Cardiogenic Shock in Pregnancy

By Juliette Power MD - Last Updated: November 3, 2022

The following article was written by Dr. Juliette Power as a CardioNerds Conference Scholar for The 2022 SCAI SHOCK Conference.

In Dr. Anna Bortnick’s review of cardiogenic shock in pregnancy at SCAI Shock 2022, she impressed upon the audience to identify cardiogenic shock and initiate mechanical circulatory support early and often in order to improve outcomes. Specifically, mechanical circulatory support within 6 days of onset of cardiogenic shock is associated with lower mortality.
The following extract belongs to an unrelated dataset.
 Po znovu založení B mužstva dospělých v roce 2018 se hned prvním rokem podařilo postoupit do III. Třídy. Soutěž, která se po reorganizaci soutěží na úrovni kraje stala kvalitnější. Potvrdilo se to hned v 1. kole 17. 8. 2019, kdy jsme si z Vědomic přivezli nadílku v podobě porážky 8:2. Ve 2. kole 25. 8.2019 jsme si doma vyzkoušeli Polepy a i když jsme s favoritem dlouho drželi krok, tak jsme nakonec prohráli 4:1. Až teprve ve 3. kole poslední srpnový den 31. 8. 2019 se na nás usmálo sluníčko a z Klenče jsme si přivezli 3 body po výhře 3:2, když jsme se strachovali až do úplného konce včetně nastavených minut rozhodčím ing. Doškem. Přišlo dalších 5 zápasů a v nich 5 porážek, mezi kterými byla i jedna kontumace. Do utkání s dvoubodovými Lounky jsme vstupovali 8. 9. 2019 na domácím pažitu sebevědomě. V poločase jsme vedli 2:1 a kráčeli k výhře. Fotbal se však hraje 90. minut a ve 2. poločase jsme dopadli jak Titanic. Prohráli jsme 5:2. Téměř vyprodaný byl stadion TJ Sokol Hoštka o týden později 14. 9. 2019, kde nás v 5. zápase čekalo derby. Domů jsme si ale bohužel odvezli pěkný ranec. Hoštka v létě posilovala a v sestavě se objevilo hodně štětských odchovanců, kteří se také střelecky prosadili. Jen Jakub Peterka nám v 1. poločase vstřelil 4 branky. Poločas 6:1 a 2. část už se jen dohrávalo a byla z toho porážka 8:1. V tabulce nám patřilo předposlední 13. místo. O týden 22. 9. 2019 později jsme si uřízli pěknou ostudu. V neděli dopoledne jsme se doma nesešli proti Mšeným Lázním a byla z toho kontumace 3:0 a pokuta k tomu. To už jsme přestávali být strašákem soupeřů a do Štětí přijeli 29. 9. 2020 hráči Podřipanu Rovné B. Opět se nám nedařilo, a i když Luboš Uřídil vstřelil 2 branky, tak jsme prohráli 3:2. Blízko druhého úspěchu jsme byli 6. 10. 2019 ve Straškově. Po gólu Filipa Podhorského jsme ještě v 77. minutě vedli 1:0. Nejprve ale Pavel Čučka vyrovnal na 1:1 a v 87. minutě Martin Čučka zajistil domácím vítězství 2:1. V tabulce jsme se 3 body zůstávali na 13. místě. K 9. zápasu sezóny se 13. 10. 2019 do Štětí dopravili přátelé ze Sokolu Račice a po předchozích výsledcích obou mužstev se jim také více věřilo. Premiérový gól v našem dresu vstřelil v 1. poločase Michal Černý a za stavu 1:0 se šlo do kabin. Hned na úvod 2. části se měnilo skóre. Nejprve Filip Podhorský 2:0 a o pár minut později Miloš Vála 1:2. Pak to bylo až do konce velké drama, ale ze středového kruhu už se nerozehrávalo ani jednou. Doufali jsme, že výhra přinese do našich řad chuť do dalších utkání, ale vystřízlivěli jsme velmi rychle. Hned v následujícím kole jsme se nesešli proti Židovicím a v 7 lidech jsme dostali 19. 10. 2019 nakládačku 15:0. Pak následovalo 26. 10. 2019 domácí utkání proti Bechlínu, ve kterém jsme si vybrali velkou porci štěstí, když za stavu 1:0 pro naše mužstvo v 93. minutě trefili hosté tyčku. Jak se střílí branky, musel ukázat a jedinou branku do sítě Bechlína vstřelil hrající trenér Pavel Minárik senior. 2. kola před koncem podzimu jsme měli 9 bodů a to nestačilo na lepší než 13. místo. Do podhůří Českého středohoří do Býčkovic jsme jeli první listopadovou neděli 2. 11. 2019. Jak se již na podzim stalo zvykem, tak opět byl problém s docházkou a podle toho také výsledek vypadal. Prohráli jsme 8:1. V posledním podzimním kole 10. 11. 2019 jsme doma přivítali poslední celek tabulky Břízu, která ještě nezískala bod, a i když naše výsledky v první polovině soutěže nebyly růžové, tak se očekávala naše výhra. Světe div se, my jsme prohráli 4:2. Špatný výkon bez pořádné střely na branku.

Dr. Bortnick MD, PhD, MSc, FSCAI is an associate professor at Albert Einstein College of Medicine who began her talk by reviewing that CS in pregnancy is a rare but serious complication, most commonly diagnosed postpartum or postmortem, that dramatically worsens peripartum outcomes. Common etiologies of cardiogenic shock in pregnancy include worsening stenotic valvular disease due to increased cardiac output, hypercoagulable states leading to increased risk of thrombotic events, and hormonal shifts increasing risk of pregnancy-associated SCAD (P-SCAD) and peripartum cardiomyopathy (PPCM).

P-SCAD is the most common cause of pregnancy associate MI. Hormonal effect on the vasculature leads to a tripled risk of acute myocardial infarction in pregnant patients, most often in the 3rdtrimester or postpartum, as compared to non-pregnant patients. Studies have shown that P-SCAD is associated with higher risk features, compared to traditional SCAD, with 75% of women presenting with left main artery and left anterior descending artery and at least 1/4 presenting in cardiogenic shock and needing mechanical circulatory support. When treating P-SCAD consideration should be given to minimizing the risk of coronary angiogram complications. Dr. Bortnick, suggests use of 4 Fr radial catheters, limited and low pressure injections, and percutaneous intervention only if the patients has unstable or high risk features. Her other recommendations include fetal monitoring, IV access above the diaphragm, left lateral tilt positioning, and uterine evacuation within four minutes of a cardiac arrest.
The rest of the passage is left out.